§ Task:
What is needed is every line from the one holding "<p>The United States" to the last line of the data below, printed exactly and without pictures.

Data excerpts:
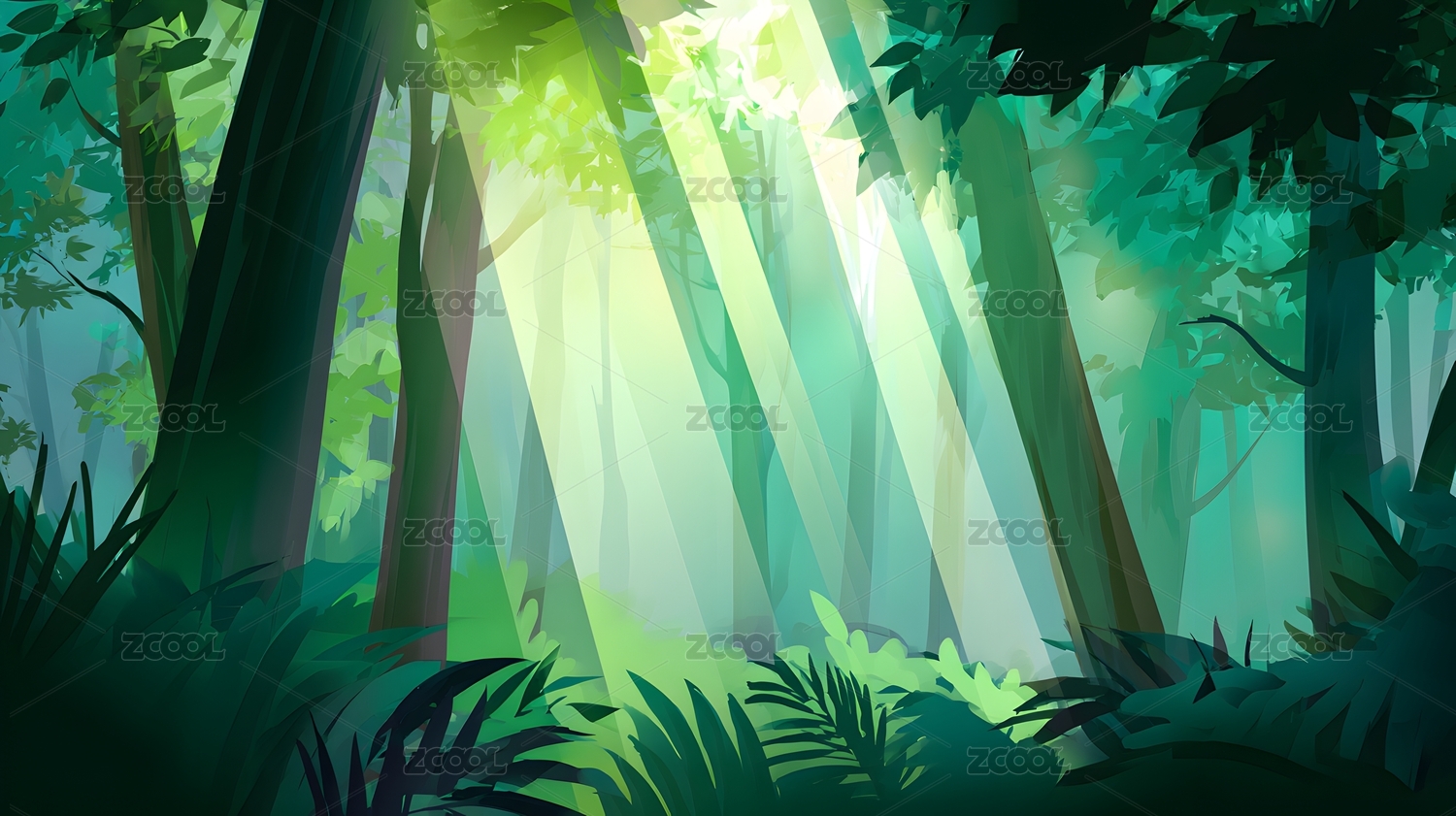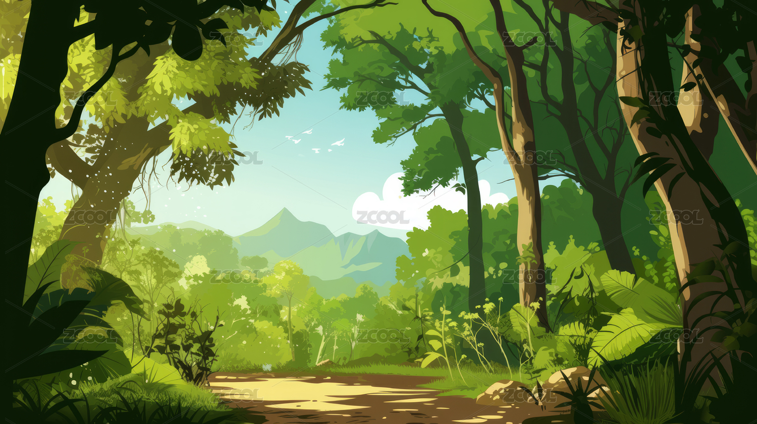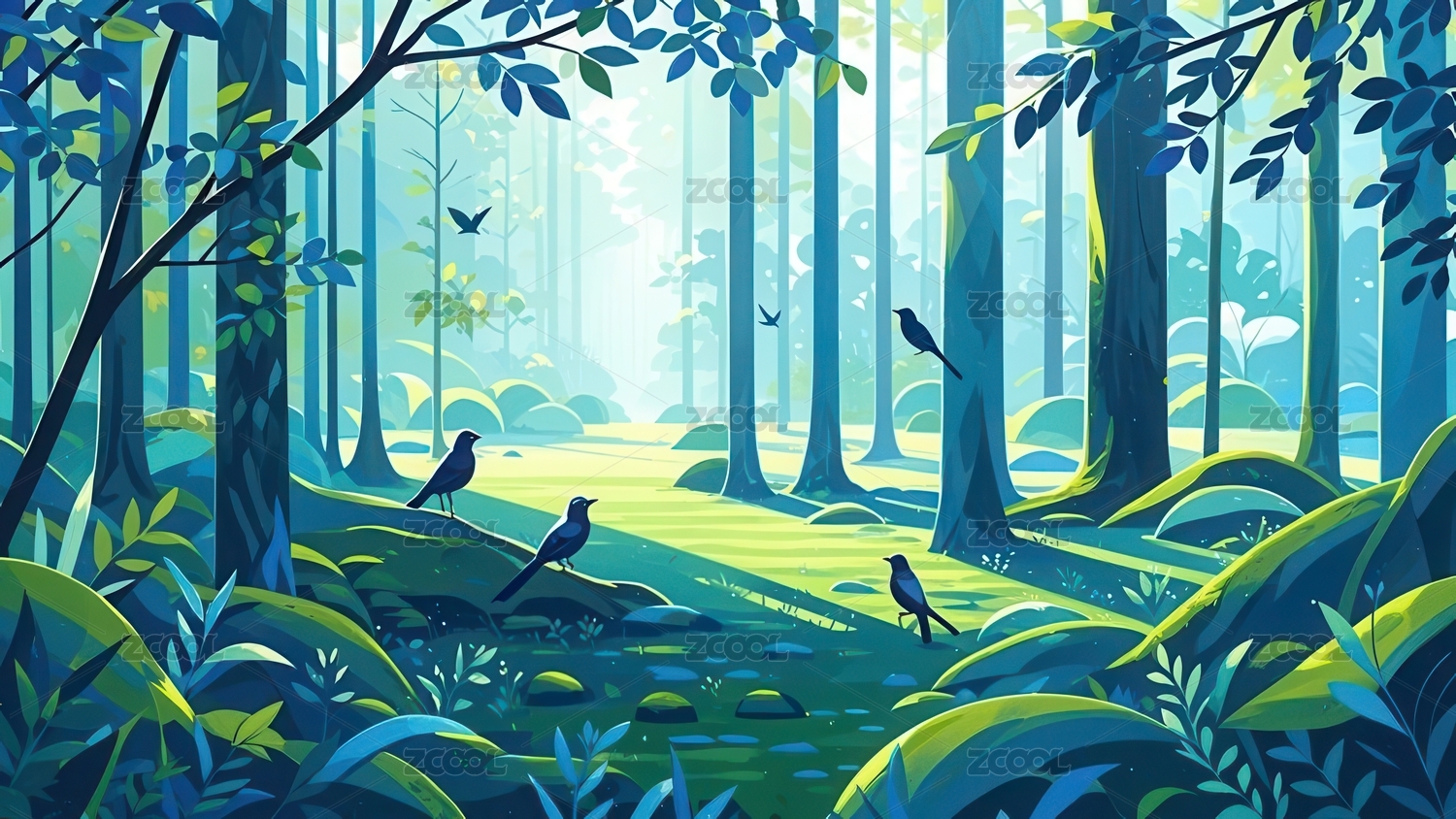森林,树木,插画,绿色,植被,丛林,自然,风景,森林风景,树木插画
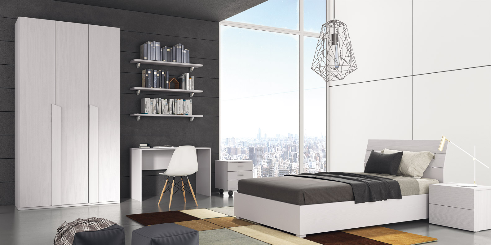 Composée de: armoire avec trois portes battantes, table de chevet avec deux tiroirs, commode à trois tiroirs sur roulettes, bureau, 3 étagères, lit de 120 cm avec rangement.
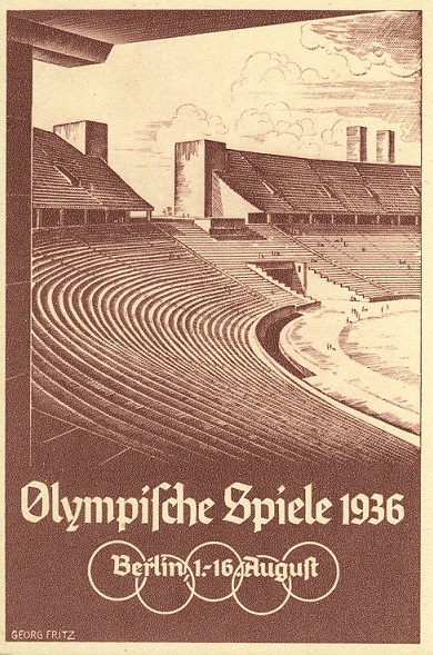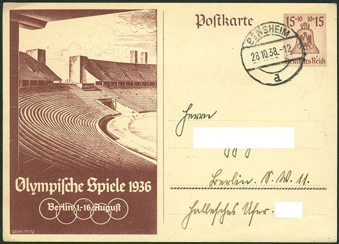 hier wieder eine gelaufene P 259, aufgegeben am 11.08.1936 um 12 Uhr in BERLIN OLYMPIA-STADION, Handwerbestempel mit Kennbuchstabe "q":
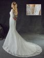 Mermaid Off the Shoulder White Lace Up Wedding Dress Lace and Appliques Half Sleeves With Brush Train
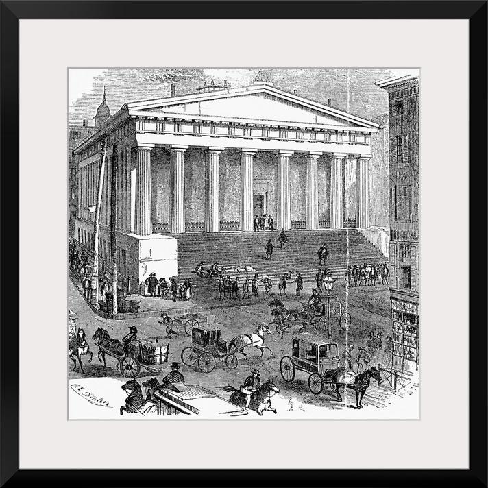 <p>The United States Sub-Treasury Building (the Old Customs House) at Wall and Nassau Street. Wood engraving, 1865.</p>
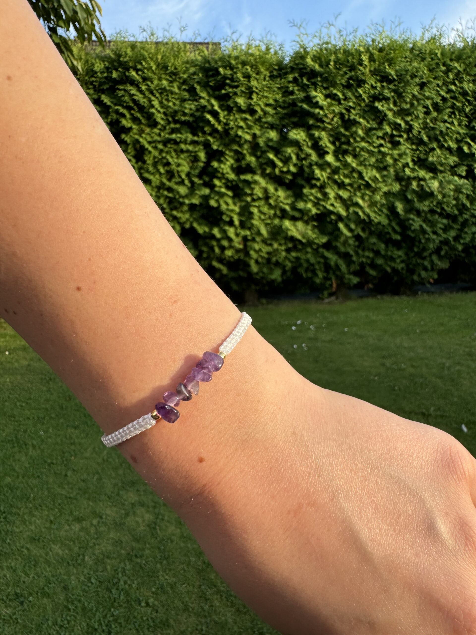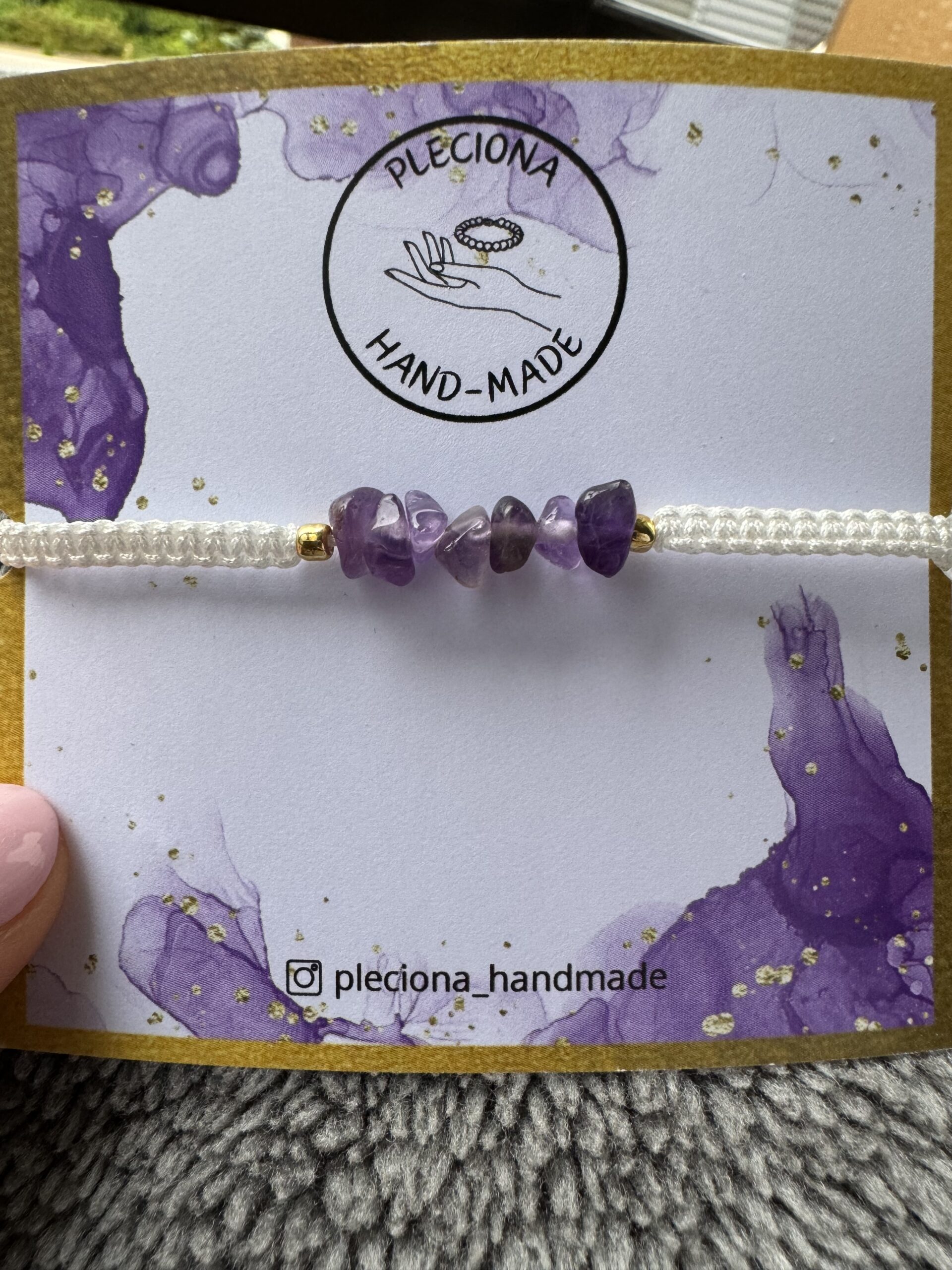 Regulowana bransoletka z nieregularnymi kamieniami Ametystu.
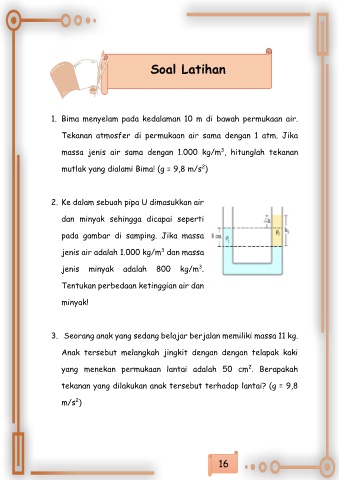 1. Bima menyelam pada kedalaman 10 m di bawah permukaan air.
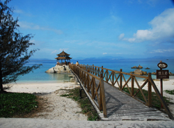 7、蜈支洲的海水很漂亮,如果赤腳游玩要小心沙灘上一些碎珊瑚喔。

§ Answer box:
 <p>The United States Sub-Treasury Building (the Old Customs House) at Wall and Nassau Street. Wood engraving, 1865.</p>
 Regulowana bransoletka z nieregularnymi kamieniami Ametystu.
 1. Bima menyelam pada kedalaman 10 m di bawah permukaan air.
 7、蜈支洲的海水很漂亮,如果赤腳游玩要小心沙灘上一些碎珊瑚喔。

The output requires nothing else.